本论文设计、合成了三种含酞侧基链延长型双马来酰亚胺单体,并筛选出性能优异的新型单体分别与o,o'-二烯丙基双酚A(DABPA)、二苯甲烷型双马来酰亚胺(MBMI)、环氧树脂(E-51)等进行共聚改性,以期制备出综合性能优良的树脂体系。
首先以酚酞、邻甲酚酞、百里酚酞为起始原料经过四步反应合成了含酚酞结构链延长型BMI (PPBMI)、含邻甲酚酞结构链延长型BMI (MPBMI)、含百里酚酞结构链延长型BMI (IPBMI)等三种新型BMI单体;采用FTIR、NMR、元素分析等手段对中间体及目标化合物的化学结构进行了表征和分析;溶解性测试表明三种单体具有良好的溶解性能;采用DSC研究了单体的固化行为,结果显示三种单体都具有较宽的熔融加工窗口,并且甲基取代基的存在不影响BMI的固化行为而异丙基取代基的存在则显著降低BMI双键的反应活性;用DMA和TGA研究了三种BMI固化物的热性能,研究表明随烷基取代基体积的增加固化物的耐热性和热稳定性降低;固化物的吸水率测试表明单体的结构对固化物的吸湿行为有显著的影响。在上述性能研究的同时探讨了BMI结构与性能间的关系。
将PPBMI与DABPA预聚,制备了PPBMI/DABPA共聚树脂体系。用DSC研究了共聚体系的固化动力学并确定了固化工艺;FTIR研究了树脂体系在200℃以下的固化机理。采用DMA、TGA、力学性能以及吸水率测试研究PPBMI与DABPA摩尔配比的改变对固化物性能的影响。研究表明,随PPBMI摩尔含量的增加,固化物的储能模量、玻璃化转变温度、热稳定性和高温残碳率均有相应的提高,固化物的吸水速率和平衡吸水量则随之降低。
将PPBMI加入到MBMI/DABPA中制备了PPBMI/MBMI/DABPA共聚体系。在设定马来酰亚胺基团和烯丙基基团的摩尔配比为0.87的条件下,研究了PPBMI与MBMI摩尔配比对树脂体系各种性能的影响。研究表明,随PPBMI摩尔含量的增加,改性体系固化物的橡胶态储能模量和玻璃化转变温度逐渐减低;而热稳定性和抗吸湿性能则有一定程度的提高;弯曲强度和冲击强度先小幅上升而后逐步下降,弯曲模量则是逐步提高。断裂形貌显示高PPBMI含量体系的固化物中存在气泡等缺陷。
用PPBMI、E-51、4,4'-二氨基二苯砜(DDS)制备PPBMI/DDS/E-51共固化树脂体系,根据树脂体系主体的不同又细分为E-51改性PPBMI/DDS体系和PPBMI改性E-51/DDS体系。采用DSC和FTIR分析了树脂体系的固化机理,研究表明E-51改性PPBMI/DDS体系的固化机理随体系组成的改变而不同;PPBMI改性E-51/DDS体系固化过程中主要发生了环氧的固化反应和PPBMI双键与DDS的加成反应。用DMA、TGA、力学性能和吸水率测试等方法研究两类改性树脂体系固化物的各种性能。结果表明,E.51改性PPBMI/DDS体系的耐热性、热稳定性和抗吸湿性能随着E-51含量增加而降低,但是冲击强度有显著改善。PPBMI改性E-51/DDS体系的耐热性随PPBMI含量增加而降低,但是热稳定性、弯曲强度和模量、抗吸湿性能有所提高;另外,冲击强度先升高后降低,其中5%PPBMI改性体系的冲击强度最大。

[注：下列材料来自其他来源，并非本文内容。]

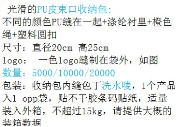 - 訂單名稱:束口袋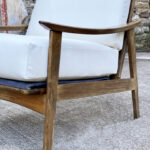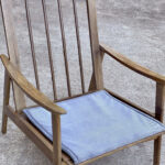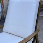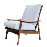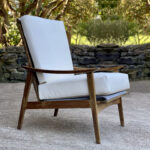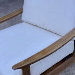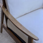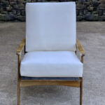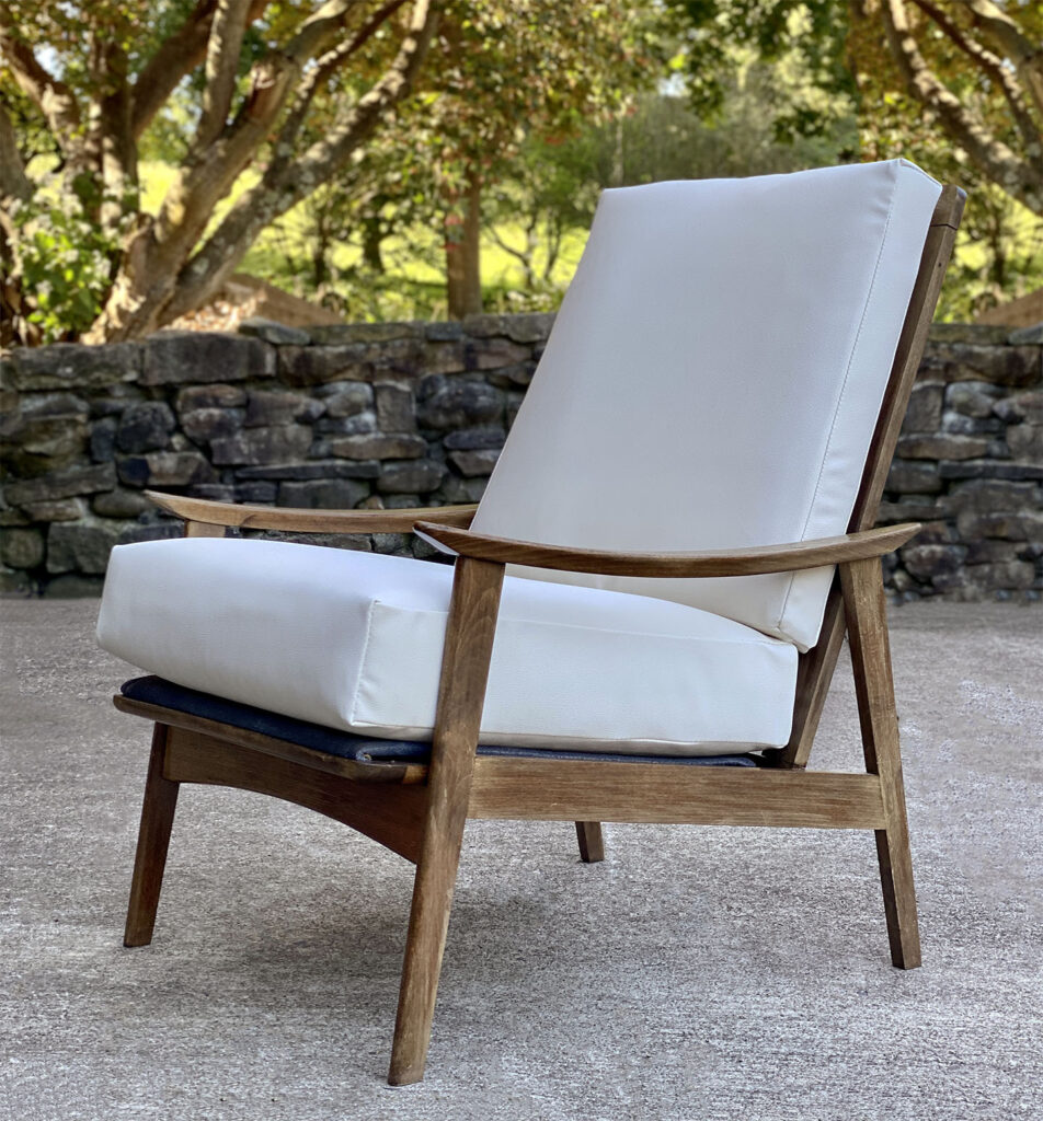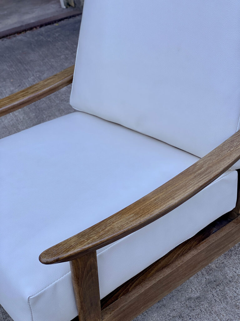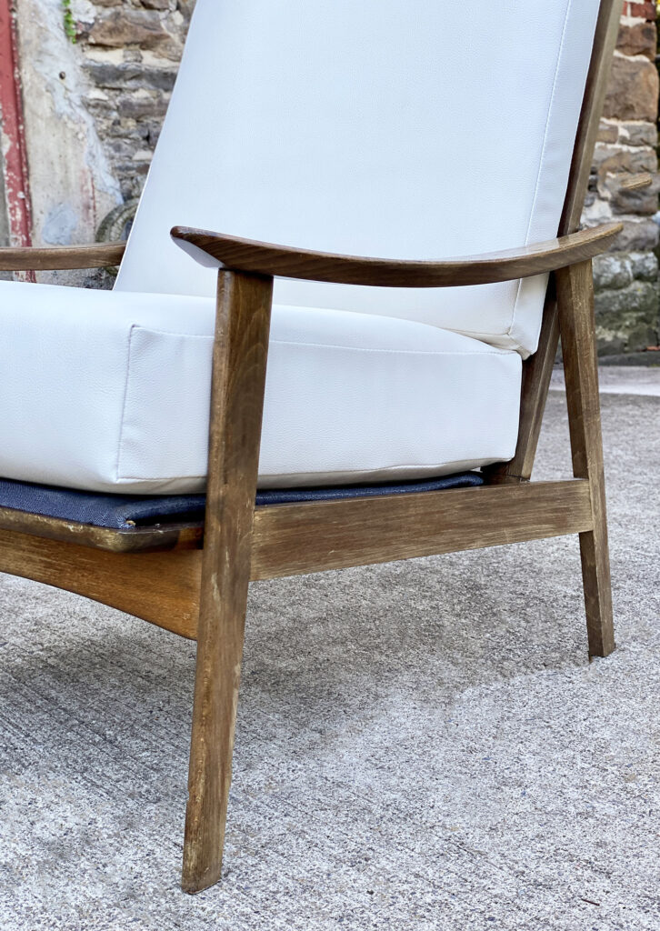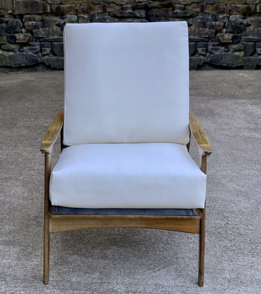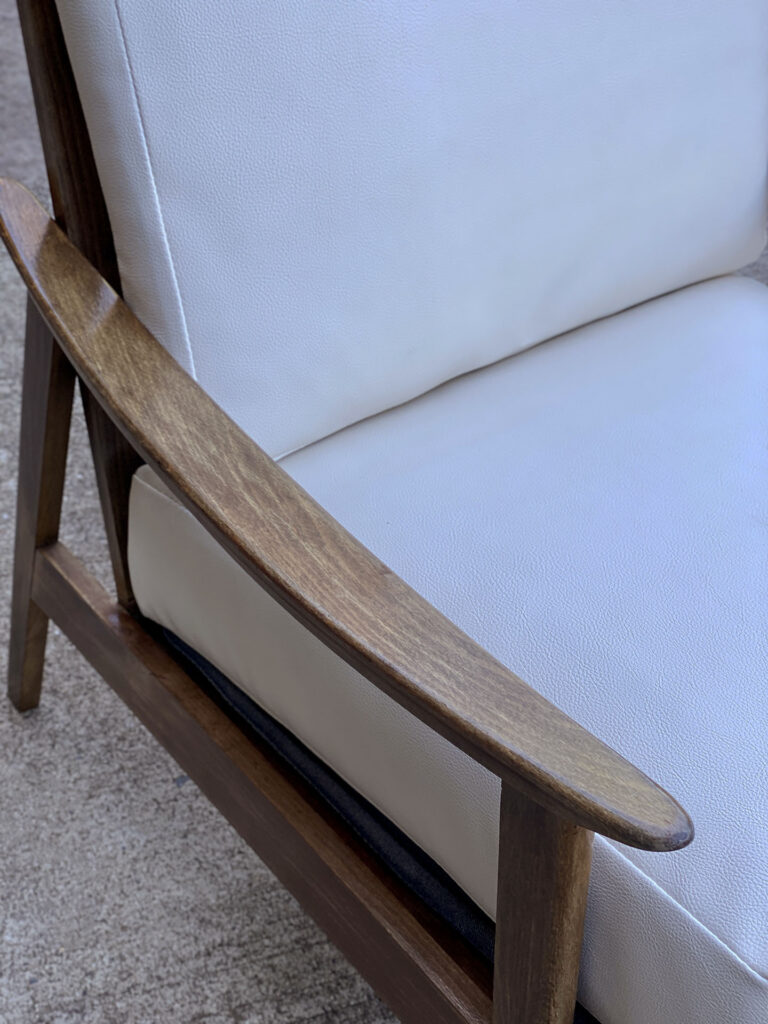 This Mid-Century Yugoslavian Lounge Chair was exceptionally well made, it’s solid and sturdy. The wood finish shows mild surface scratches and blemishes to the finish, mostly seen along the tops of the arms. The seat cushions were just professionally reupholstered in an ivory pebbled vinyl. The vinyl is of a very high quality and cleans great for longevity.

Bismaleimides, one of the most promising classes of high performance thermosetting resins, are known for their excellent processability and balance of thermal, electrical and mechanical properties. Howerver, the common BMI monomers are of high melting temperature and poor solubility in common organic solvents, and the cured resins have high inherent brittleness due to their high crosslink density and rigid molecular networks. These shortcomings restrict their application in high-tech fields. In order to overcome them, the molecular design "methodology was used to introduce phthalide group and flexible ether linkages into bismaleimide structure with the aim of improving the processability and enhancing the fracture toughness of the corresponding cured without sacrificing thermostability and mechanical properties.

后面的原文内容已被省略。